▶ Exercise data
>>>>

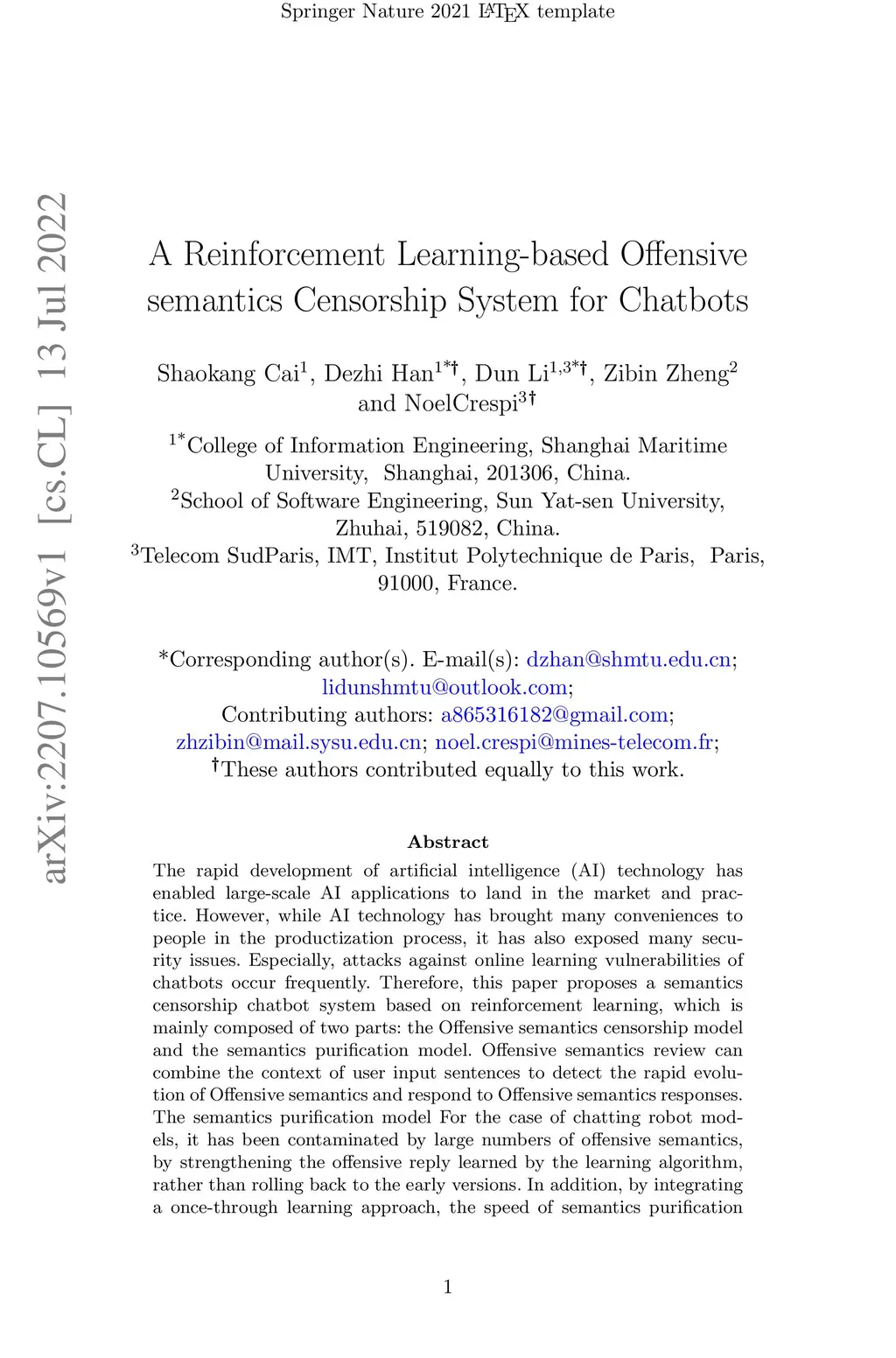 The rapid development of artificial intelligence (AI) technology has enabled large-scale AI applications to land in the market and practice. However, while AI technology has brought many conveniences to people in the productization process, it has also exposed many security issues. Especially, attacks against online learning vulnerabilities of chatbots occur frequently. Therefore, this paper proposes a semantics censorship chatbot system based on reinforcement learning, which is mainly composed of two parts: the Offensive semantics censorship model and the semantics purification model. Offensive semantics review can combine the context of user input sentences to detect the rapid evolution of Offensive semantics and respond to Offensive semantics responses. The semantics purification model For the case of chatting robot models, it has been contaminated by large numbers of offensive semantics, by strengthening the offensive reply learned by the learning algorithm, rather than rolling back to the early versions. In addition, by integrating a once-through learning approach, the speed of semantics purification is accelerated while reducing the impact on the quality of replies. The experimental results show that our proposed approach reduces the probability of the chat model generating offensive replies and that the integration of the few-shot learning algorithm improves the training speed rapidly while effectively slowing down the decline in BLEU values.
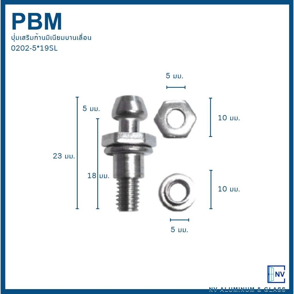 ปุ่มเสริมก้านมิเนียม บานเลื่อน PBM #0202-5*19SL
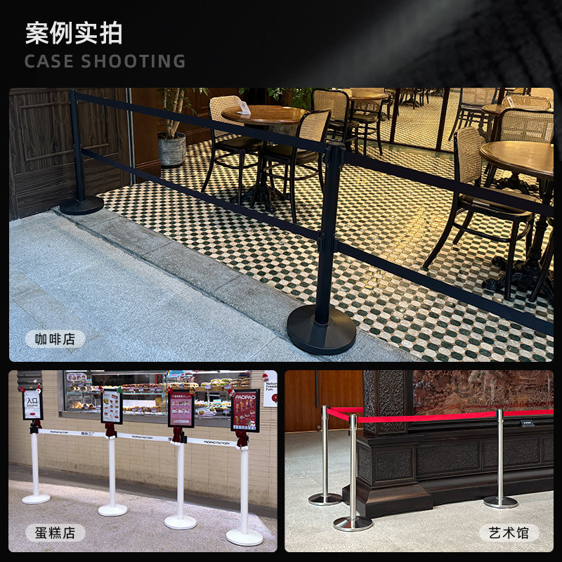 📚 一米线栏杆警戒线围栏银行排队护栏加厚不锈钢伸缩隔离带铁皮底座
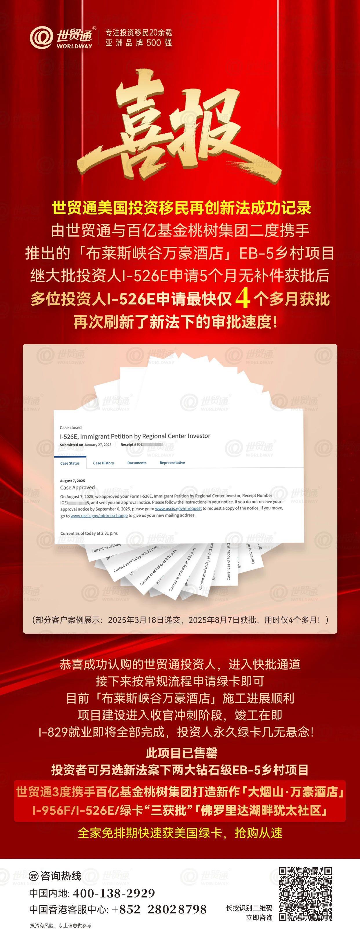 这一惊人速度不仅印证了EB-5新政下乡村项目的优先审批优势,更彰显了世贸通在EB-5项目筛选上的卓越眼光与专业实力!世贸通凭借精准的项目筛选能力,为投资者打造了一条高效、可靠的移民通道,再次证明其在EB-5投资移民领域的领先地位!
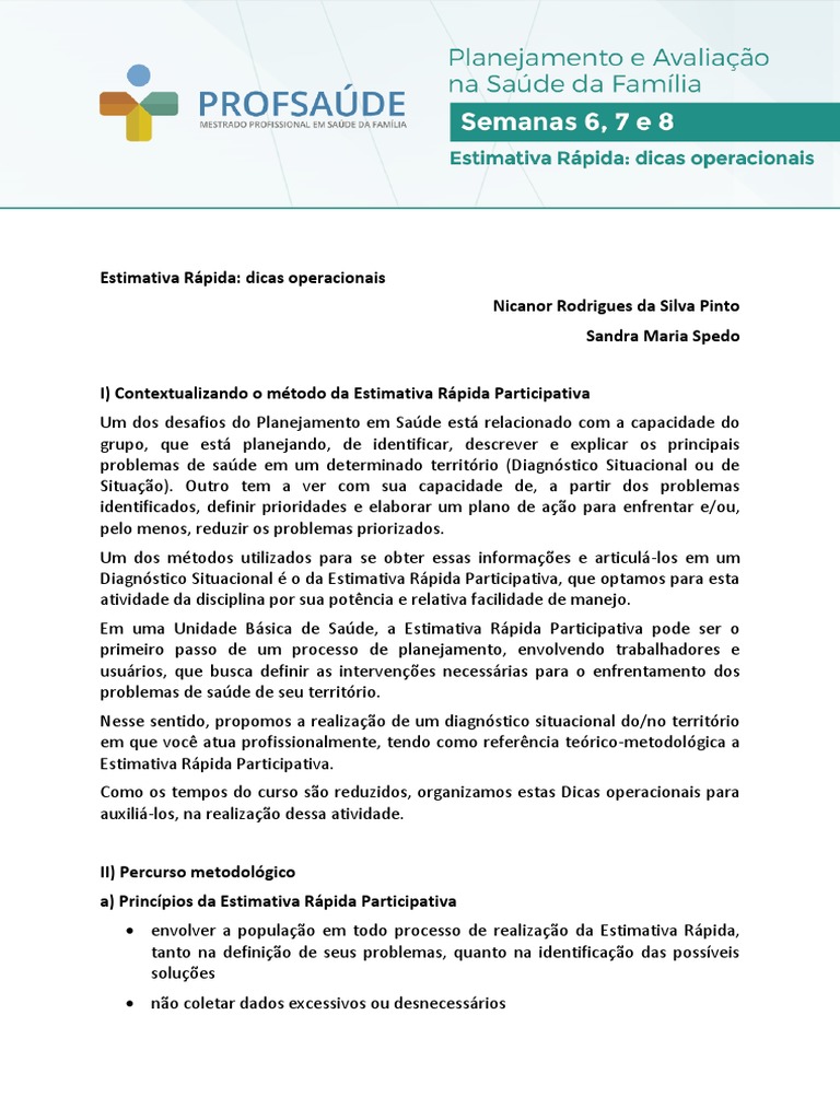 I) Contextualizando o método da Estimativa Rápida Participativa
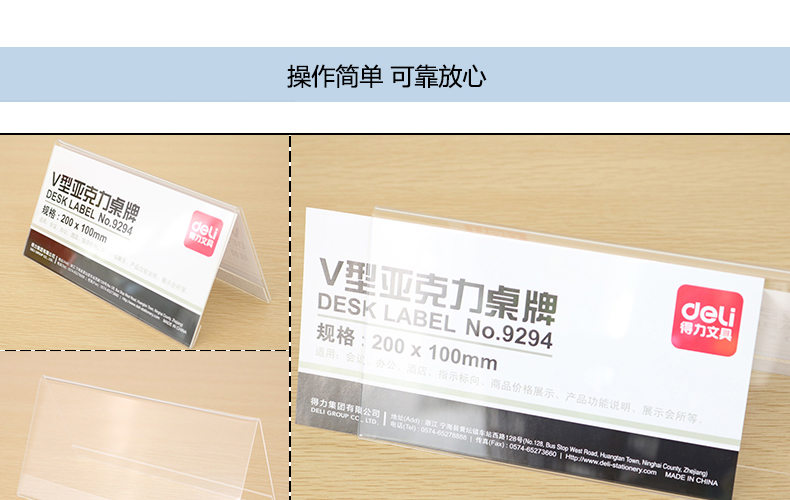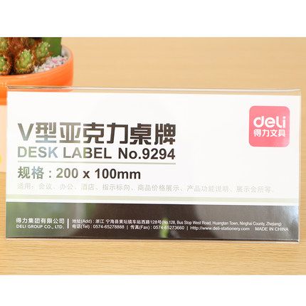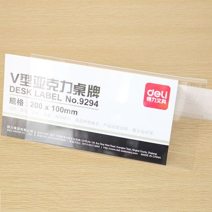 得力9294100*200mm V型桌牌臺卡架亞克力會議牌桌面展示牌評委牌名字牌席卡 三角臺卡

<<<<
>>>>

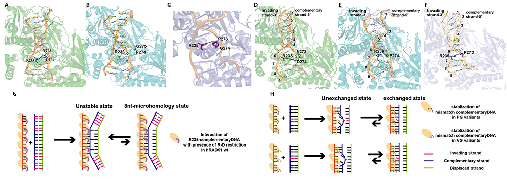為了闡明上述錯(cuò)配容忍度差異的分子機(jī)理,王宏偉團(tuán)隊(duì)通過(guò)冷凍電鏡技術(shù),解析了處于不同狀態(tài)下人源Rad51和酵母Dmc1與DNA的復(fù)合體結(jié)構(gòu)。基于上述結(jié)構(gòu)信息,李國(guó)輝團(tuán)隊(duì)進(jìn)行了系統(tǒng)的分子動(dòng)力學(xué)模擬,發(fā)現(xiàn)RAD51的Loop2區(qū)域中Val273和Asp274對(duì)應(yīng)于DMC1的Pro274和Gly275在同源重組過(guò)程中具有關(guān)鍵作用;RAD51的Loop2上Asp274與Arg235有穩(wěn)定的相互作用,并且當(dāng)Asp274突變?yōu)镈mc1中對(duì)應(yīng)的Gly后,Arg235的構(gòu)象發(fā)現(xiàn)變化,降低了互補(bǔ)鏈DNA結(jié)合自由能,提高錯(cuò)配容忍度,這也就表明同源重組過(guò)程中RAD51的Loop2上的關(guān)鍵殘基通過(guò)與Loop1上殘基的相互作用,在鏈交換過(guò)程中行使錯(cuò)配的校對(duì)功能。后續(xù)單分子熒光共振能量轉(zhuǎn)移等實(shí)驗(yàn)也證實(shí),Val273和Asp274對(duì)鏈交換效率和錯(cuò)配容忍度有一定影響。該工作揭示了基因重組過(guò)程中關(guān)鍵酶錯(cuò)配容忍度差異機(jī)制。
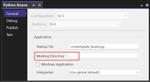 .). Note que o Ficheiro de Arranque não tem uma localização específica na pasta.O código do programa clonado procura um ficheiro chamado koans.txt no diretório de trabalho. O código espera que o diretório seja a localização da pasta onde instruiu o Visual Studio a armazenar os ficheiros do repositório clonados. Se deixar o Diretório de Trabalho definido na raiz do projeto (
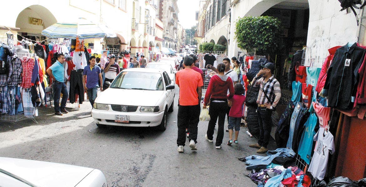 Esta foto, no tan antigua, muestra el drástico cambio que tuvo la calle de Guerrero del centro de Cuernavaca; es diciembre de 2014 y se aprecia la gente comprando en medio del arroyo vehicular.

<<<<
>>>>

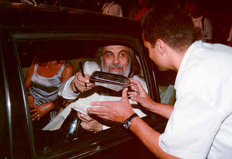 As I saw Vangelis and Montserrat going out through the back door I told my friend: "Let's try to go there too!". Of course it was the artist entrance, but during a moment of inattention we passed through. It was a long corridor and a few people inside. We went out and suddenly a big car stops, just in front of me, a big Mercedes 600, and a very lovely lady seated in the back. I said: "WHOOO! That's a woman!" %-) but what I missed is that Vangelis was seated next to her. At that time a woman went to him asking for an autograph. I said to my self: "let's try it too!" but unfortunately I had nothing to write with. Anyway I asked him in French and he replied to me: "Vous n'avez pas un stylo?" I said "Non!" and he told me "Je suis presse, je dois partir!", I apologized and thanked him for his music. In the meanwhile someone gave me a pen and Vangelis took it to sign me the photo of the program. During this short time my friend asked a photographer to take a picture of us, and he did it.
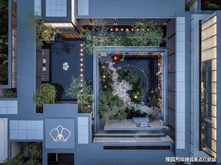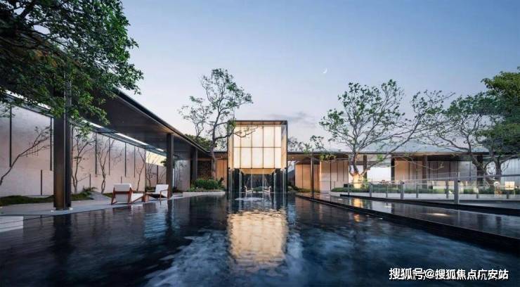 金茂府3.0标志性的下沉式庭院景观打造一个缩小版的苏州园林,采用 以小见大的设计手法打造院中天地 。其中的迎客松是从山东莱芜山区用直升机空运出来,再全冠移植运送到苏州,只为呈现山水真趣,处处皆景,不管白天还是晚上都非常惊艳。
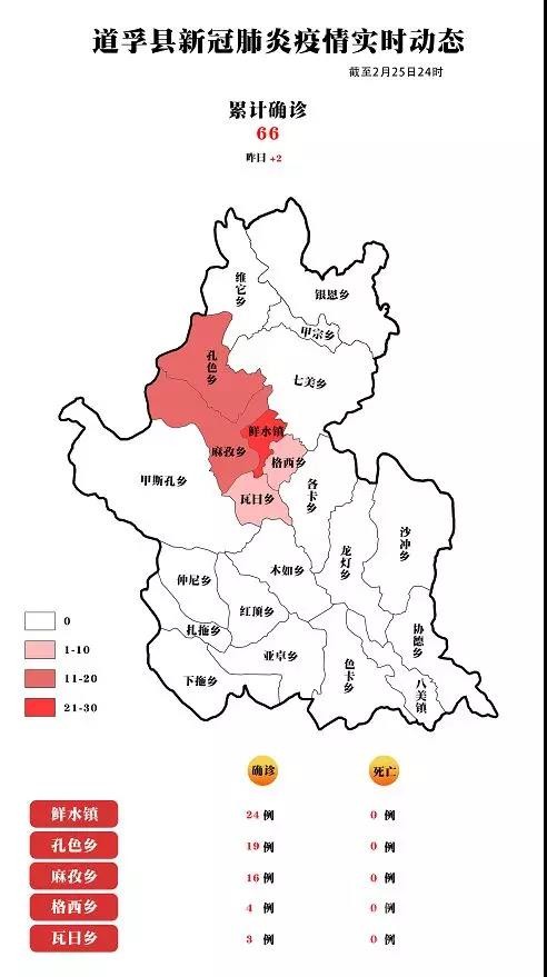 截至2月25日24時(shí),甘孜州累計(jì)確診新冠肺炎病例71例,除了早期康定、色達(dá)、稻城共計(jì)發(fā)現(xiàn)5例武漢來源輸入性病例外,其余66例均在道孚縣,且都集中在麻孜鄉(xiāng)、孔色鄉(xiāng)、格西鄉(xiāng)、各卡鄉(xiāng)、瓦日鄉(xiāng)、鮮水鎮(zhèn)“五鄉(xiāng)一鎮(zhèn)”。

<<<<

Starting with the line above that holds "The rapid development", restate each line word for word up to and including the line that holds "得力9294100*200mm V型桌牌臺卡架亞克力會議牌桌面展示牌評委牌名字牌席卡 三角臺卡". Drop the pictures.

 The rapid development of artificial intelligence (AI) technology has enabled large-scale AI applications to land in the market and practice. However, while AI technology has brought many conveniences to people in the productization process, it has also exposed many security issues. Especially, attacks against online learning vulnerabilities of chatbots occur frequently. Therefore, this paper proposes a semantics censorship chatbot system based on reinforcement learning, which is mainly composed of two parts: the Offensive semantics censorship model and the semantics purification model. Offensive semantics review can combine the context of user input sentences to detect the rapid evolution of Offensive semantics and respond to Offensive semantics responses. The semantics purification model For the case of chatting robot models, it has been contaminated by large numbers of offensive semantics, by strengthening the offensive reply learned by the learning algorithm, rather than rolling back to the early versions. In addition, by integrating a once-through learning approach, the speed of semantics purification is accelerated while reducing the impact on the quality of replies. The experimental results show that our proposed approach reduces the probability of the chat model generating offensive replies and that the integration of the few-shot learning algorithm improves the training speed rapidly while effectively slowing down the decline in BLEU values.
 ปุ่มเสริมก้านมิเนียม บานเลื่อน PBM #0202-5*19SL
 📚 一米线栏杆警戒线围栏银行排队护栏加厚不锈钢伸缩隔离带铁皮底座
 这一惊人速度不仅印证了EB-5新政下乡村项目的优先审批优势,更彰显了世贸通在EB-5项目筛选上的卓越眼光与专业实力!世贸通凭借精准的项目筛选能力,为投资者打造了一条高效、可靠的移民通道,再次证明其在EB-5投资移民领域的领先地位!
 I) Contextualizando o método da Estimativa Rápida Participativa
 得力9294100*200mm V型桌牌臺卡架亞克力會議牌桌面展示牌評委牌名字牌席卡 三角臺卡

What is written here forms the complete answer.